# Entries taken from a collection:
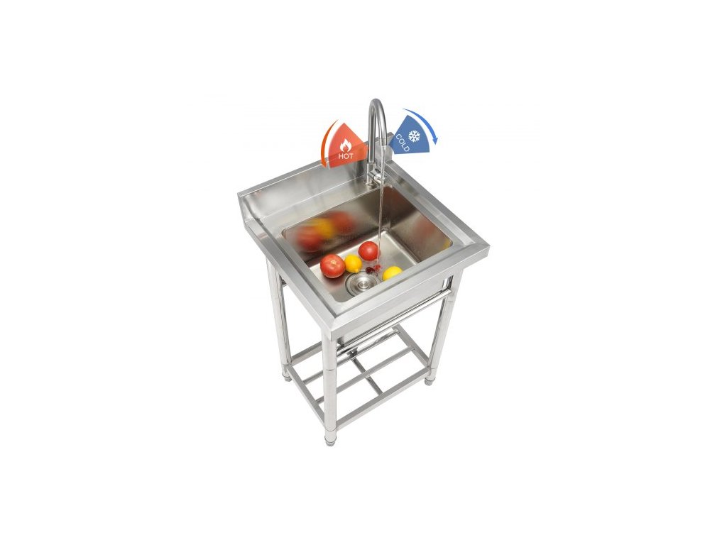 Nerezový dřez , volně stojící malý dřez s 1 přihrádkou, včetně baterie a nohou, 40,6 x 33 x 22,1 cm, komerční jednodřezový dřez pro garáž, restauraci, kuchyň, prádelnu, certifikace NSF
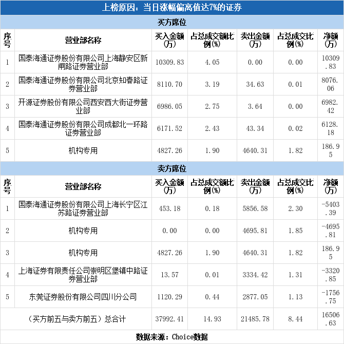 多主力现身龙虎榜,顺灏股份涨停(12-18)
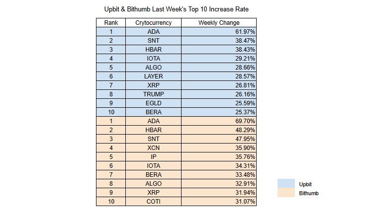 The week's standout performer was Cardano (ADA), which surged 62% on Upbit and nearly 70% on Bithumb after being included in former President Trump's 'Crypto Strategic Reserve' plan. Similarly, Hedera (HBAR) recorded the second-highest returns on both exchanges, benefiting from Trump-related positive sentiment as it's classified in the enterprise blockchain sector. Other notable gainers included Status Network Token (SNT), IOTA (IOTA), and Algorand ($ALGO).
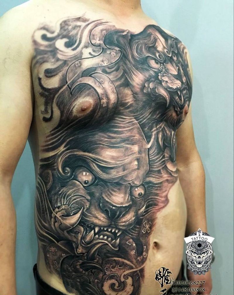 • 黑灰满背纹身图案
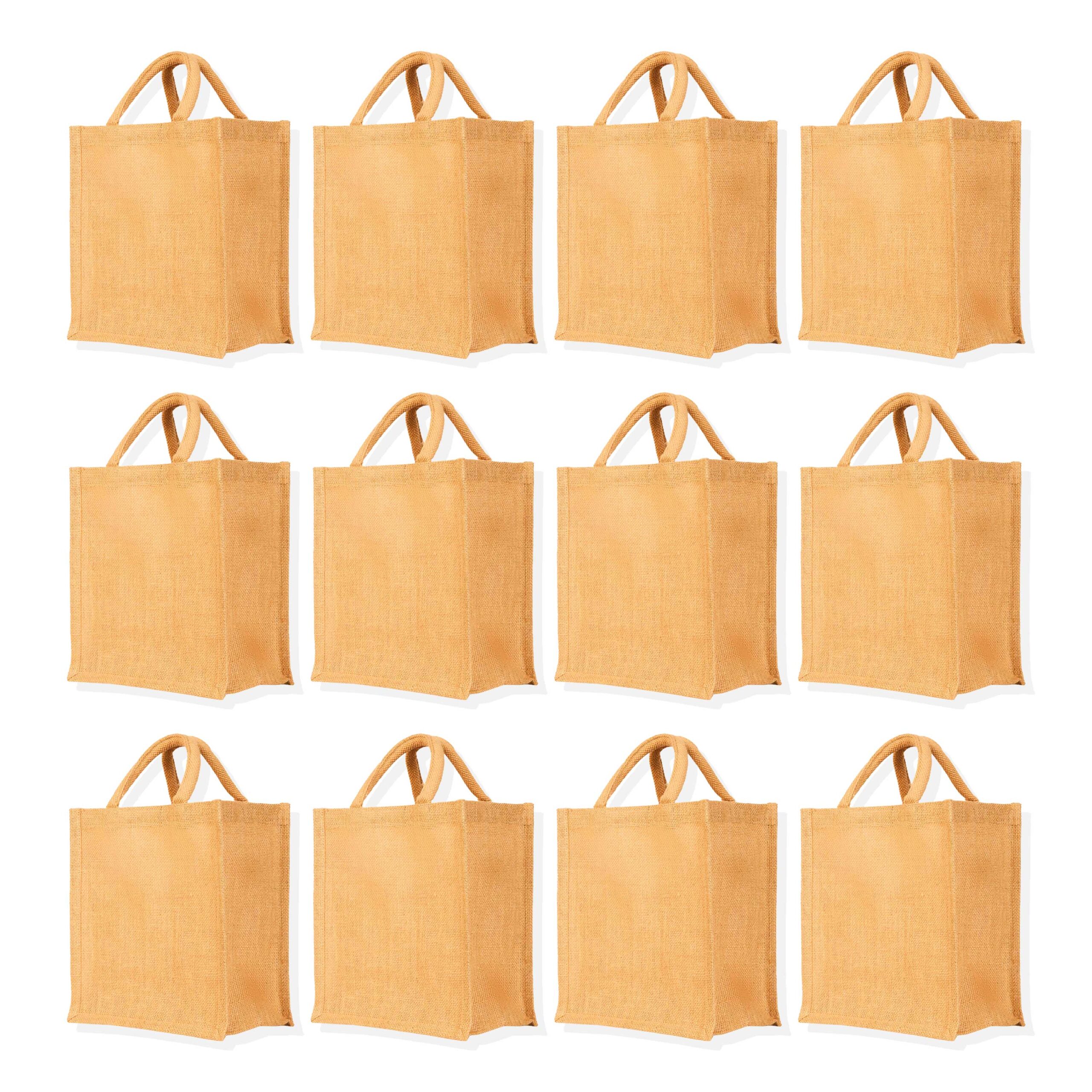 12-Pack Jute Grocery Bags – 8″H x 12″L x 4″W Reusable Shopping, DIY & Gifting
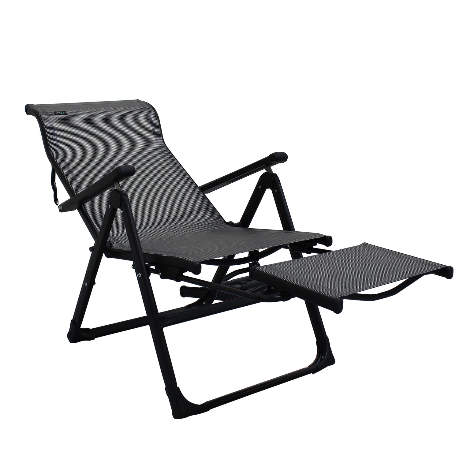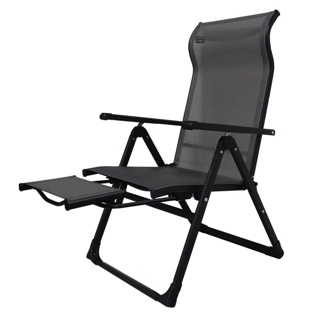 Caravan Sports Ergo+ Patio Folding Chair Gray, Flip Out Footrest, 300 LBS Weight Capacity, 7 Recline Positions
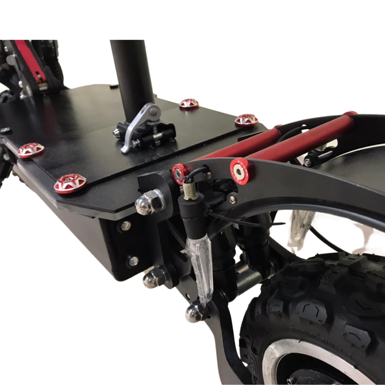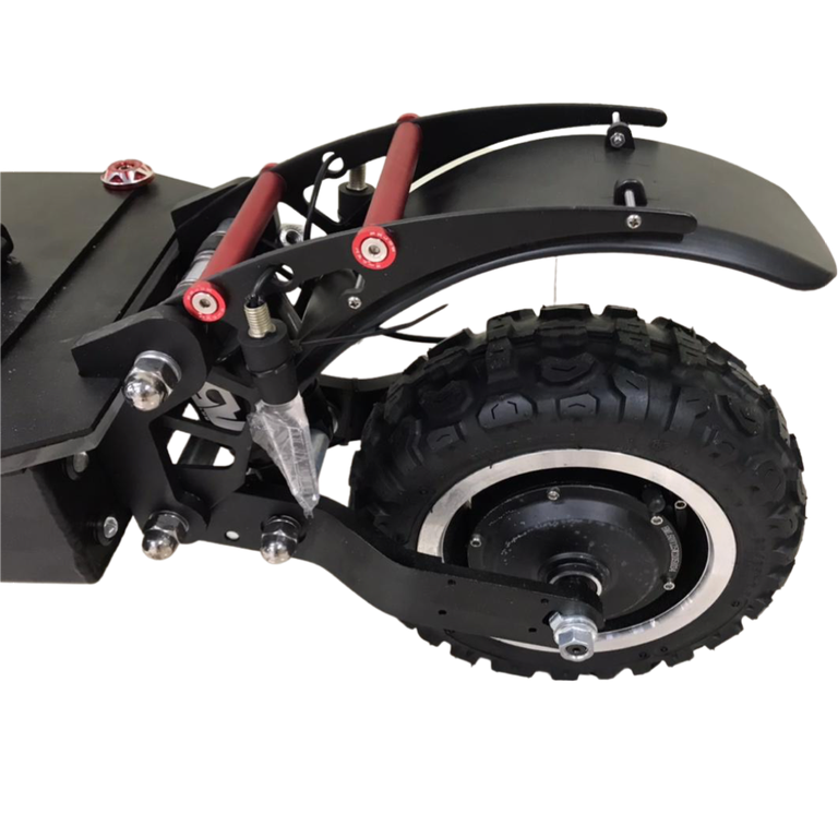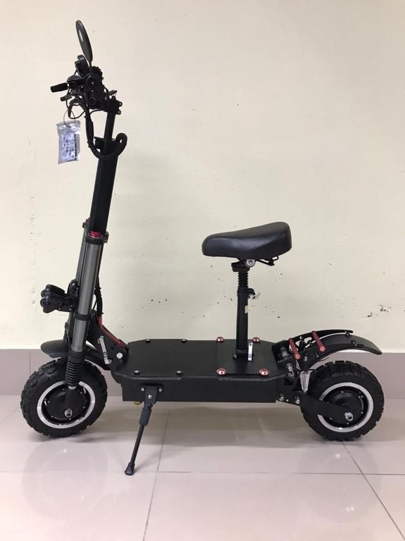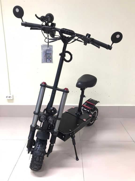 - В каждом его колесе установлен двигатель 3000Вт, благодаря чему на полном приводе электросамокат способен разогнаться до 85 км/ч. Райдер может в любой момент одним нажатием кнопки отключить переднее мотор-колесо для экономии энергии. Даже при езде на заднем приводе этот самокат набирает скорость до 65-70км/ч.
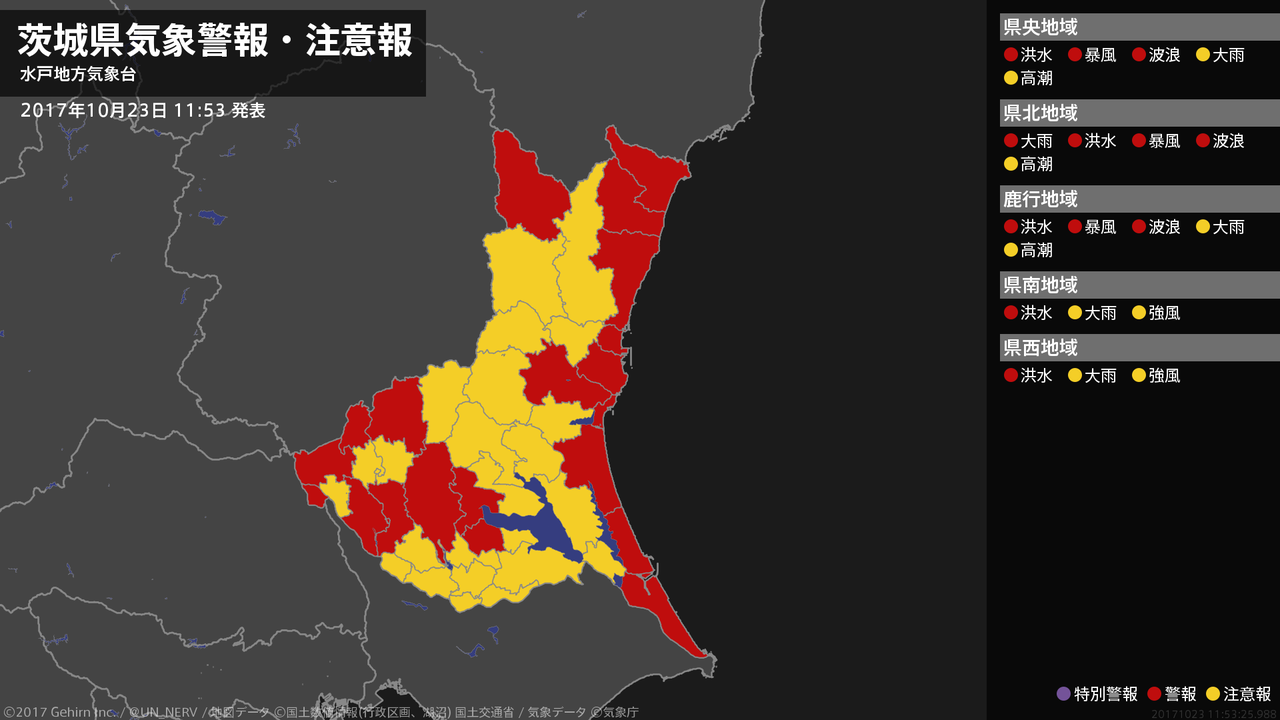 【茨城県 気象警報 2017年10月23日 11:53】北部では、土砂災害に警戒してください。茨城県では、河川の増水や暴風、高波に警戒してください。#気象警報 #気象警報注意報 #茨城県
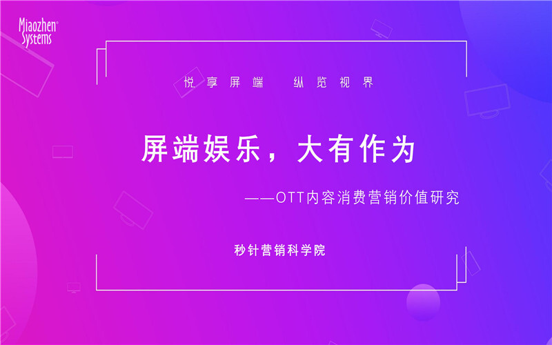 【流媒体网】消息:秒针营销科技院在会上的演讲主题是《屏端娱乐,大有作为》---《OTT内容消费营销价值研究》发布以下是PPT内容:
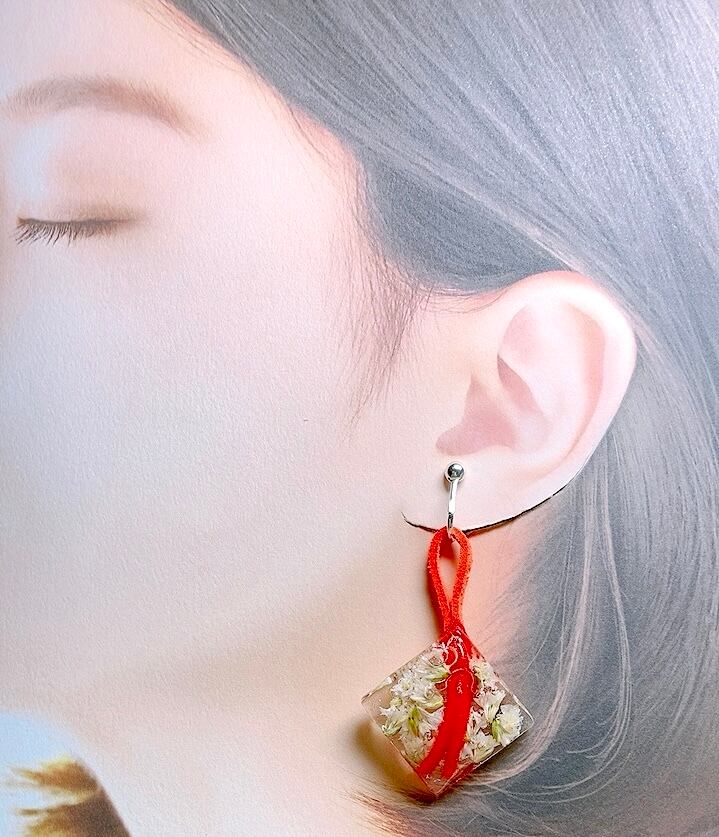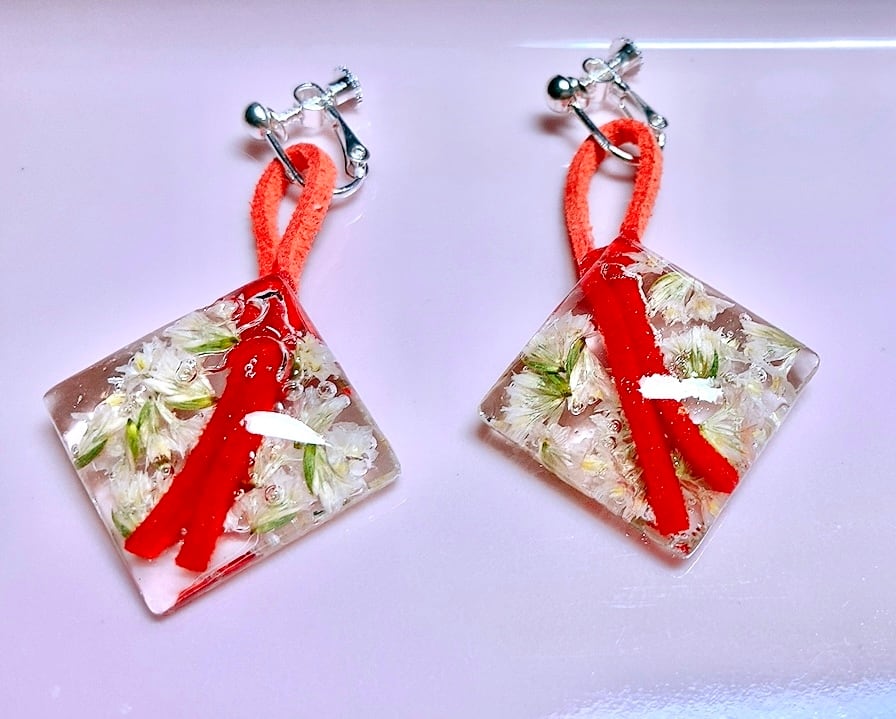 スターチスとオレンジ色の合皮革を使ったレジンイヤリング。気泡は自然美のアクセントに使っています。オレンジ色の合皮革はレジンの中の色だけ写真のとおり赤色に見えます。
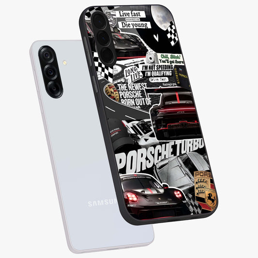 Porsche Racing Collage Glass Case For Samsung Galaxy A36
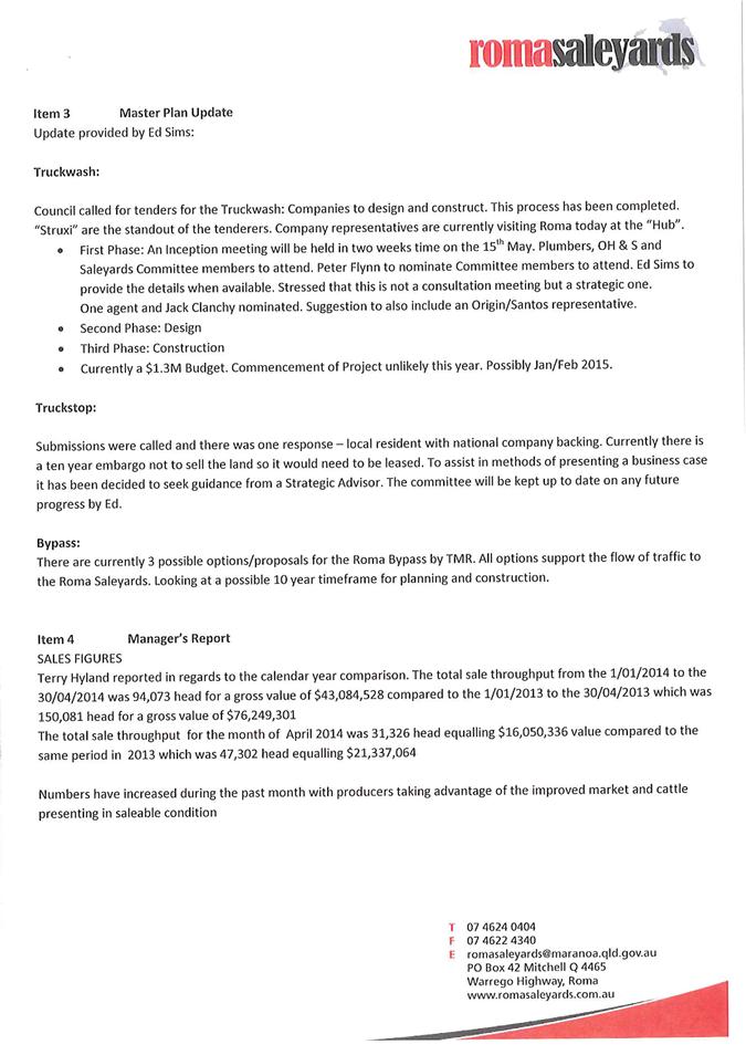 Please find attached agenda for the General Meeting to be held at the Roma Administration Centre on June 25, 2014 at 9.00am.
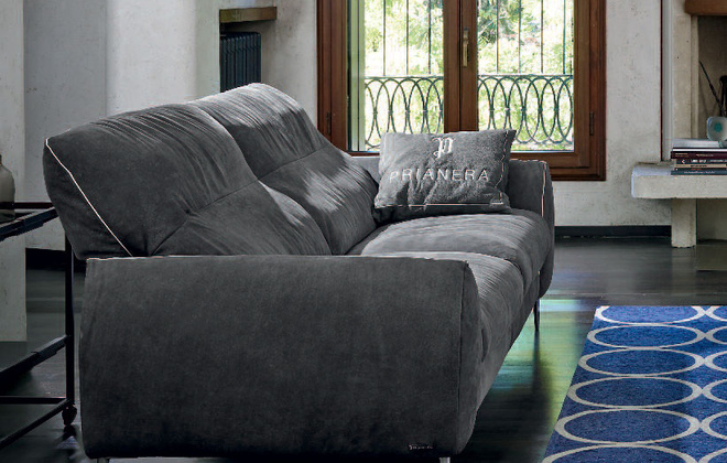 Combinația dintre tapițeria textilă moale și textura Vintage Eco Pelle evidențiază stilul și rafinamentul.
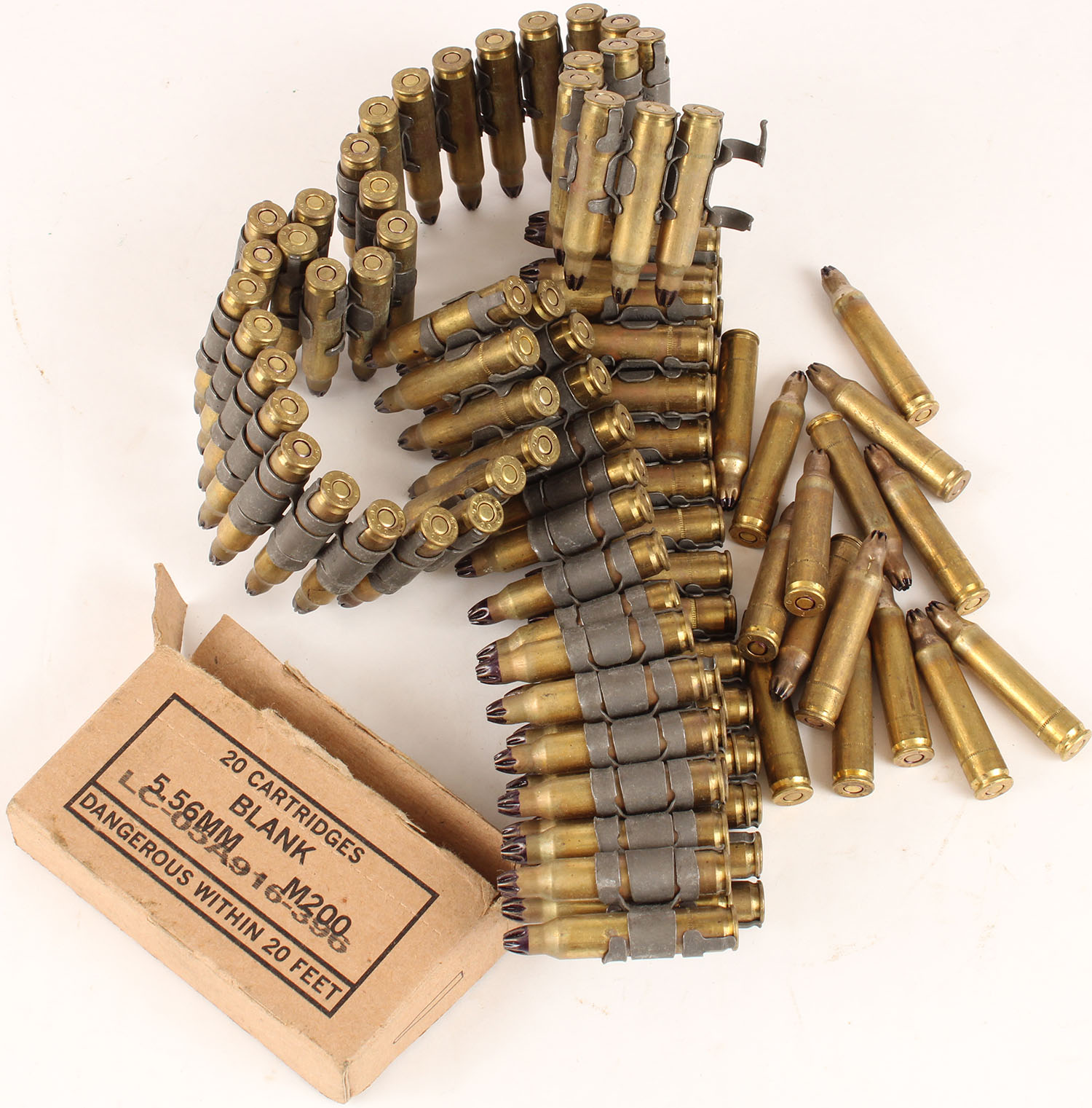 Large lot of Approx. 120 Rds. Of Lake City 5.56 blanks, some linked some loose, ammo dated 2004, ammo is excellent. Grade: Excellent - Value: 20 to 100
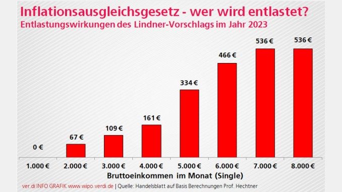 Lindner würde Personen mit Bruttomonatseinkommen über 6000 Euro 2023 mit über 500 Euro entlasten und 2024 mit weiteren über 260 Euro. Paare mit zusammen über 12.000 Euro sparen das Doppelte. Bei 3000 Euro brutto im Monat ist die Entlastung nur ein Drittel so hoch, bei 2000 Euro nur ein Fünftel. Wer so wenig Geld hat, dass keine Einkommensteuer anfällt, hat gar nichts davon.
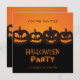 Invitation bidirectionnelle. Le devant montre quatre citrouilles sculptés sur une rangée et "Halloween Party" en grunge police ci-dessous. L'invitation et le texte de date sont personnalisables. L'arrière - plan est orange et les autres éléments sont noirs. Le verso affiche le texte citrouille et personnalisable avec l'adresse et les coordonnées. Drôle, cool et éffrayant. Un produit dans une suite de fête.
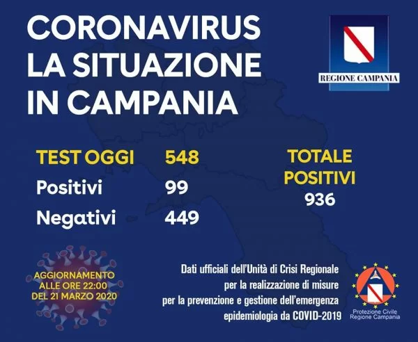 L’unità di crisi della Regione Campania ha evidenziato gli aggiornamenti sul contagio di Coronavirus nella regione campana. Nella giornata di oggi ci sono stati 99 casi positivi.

# YOUR GOAL:
Restate the data word for word while omitting each picture.

# RESULT FOR THIS EXERCISE:
 Nerezový dřez , volně stojící malý dřez s 1 přihrádkou, včetně baterie a nohou, 40,6 x 33 x 22,1 cm, komerční jednodřezový dřez pro garáž, restauraci, kuchyň, prádelnu, certifikace NSF
 多主力现身龙虎榜,顺灏股份涨停(12-18)
 The week's standout performer was Cardano (ADA), which surged 62% on Upbit and nearly 70% on Bithumb after being included in former President Trump's 'Crypto Strategic Reserve' plan. Similarly, Hedera (HBAR) recorded the second-highest returns on both exchanges, benefiting from Trump-related positive sentiment as it's classified in the enterprise blockchain sector. Other notable gainers included Status Network Token (SNT), IOTA (IOTA), and Algorand ($ALGO).
 • 黑灰满背纹身图案
 12-Pack Jute Grocery Bags – 8″H x 12″L x 4″W Reusable Shopping, DIY & Gifting
 Caravan Sports Ergo+ Patio Folding Chair Gray, Flip Out Footrest, 300 LBS Weight Capacity, 7 Recline Positions
 - В каждом его колесе установлен двигатель 3000Вт, благодаря чему на полном приводе электросамокат способен разогнаться до 85 км/ч. Райдер может в любой момент одним нажатием кнопки отключить переднее мотор-колесо для экономии энергии. Даже при езде на заднем приводе этот самокат набирает скорость до 65-70км/ч.
 【茨城県 気象警報 2017年10月23日 11:53】北部では、土砂災害に警戒してください。茨城県では、河川の増水や暴風、高波に警戒してください。#気象警報 #気象警報注意報 #茨城県
 【流媒体网】消息:秒针营销科技院在会上的演讲主题是《屏端娱乐,大有作为》---《OTT内容消费营销价值研究》发布以下是PPT内容:
 スターチスとオレンジ色の合皮革を使ったレジンイヤリング。気泡は自然美のアクセントに使っています。オレンジ色の合皮革はレジンの中の色だけ写真のとおり赤色に見えます。
 Porsche Racing Collage Glass Case For Samsung Galaxy A36
 Please find attached agenda for the General Meeting to be held at the Roma Administration Centre on June 25, 2014 at 9.00am.
 Combinația dintre tapițeria textilă moale și textura Vintage Eco Pelle evidențiază stilul și rafinamentul.
 Large lot of Approx. 120 Rds. Of Lake City 5.56 blanks, some linked some loose, ammo dated 2004, ammo is excellent. Grade: Excellent - Value: 20 to 100
 Lindner würde Personen mit Bruttomonatseinkommen über 6000 Euro 2023 mit über 500 Euro entlasten und 2024 mit weiteren über 260 Euro. Paare mit zusammen über 12.000 Euro sparen das Doppelte. Bei 3000 Euro brutto im Monat ist die Entlastung nur ein Drittel so hoch, bei 2000 Euro nur ein Fünftel. Wer so wenig Geld hat, dass keine Einkommensteuer anfällt, hat gar nichts davon.
 Invitation bidirectionnelle. Le devant montre quatre citrouilles sculptés sur une rangée et "Halloween Party" en grunge police ci-dessous. L'invitation et le texte de date sont personnalisables. L'arrière - plan est orange et les autres éléments sont noirs. Le verso affiche le texte citrouille et personnalisable avec l'adresse et les coordonnées. Drôle, cool et éffrayant. Un produit dans une suite de fête.
 L’unità di crisi della Regione Campania ha evidenziato gli aggiornamenti sul contagio di Coronavirus nella regione campana. Nella giornata di oggi ci sono stati 99 casi positivi.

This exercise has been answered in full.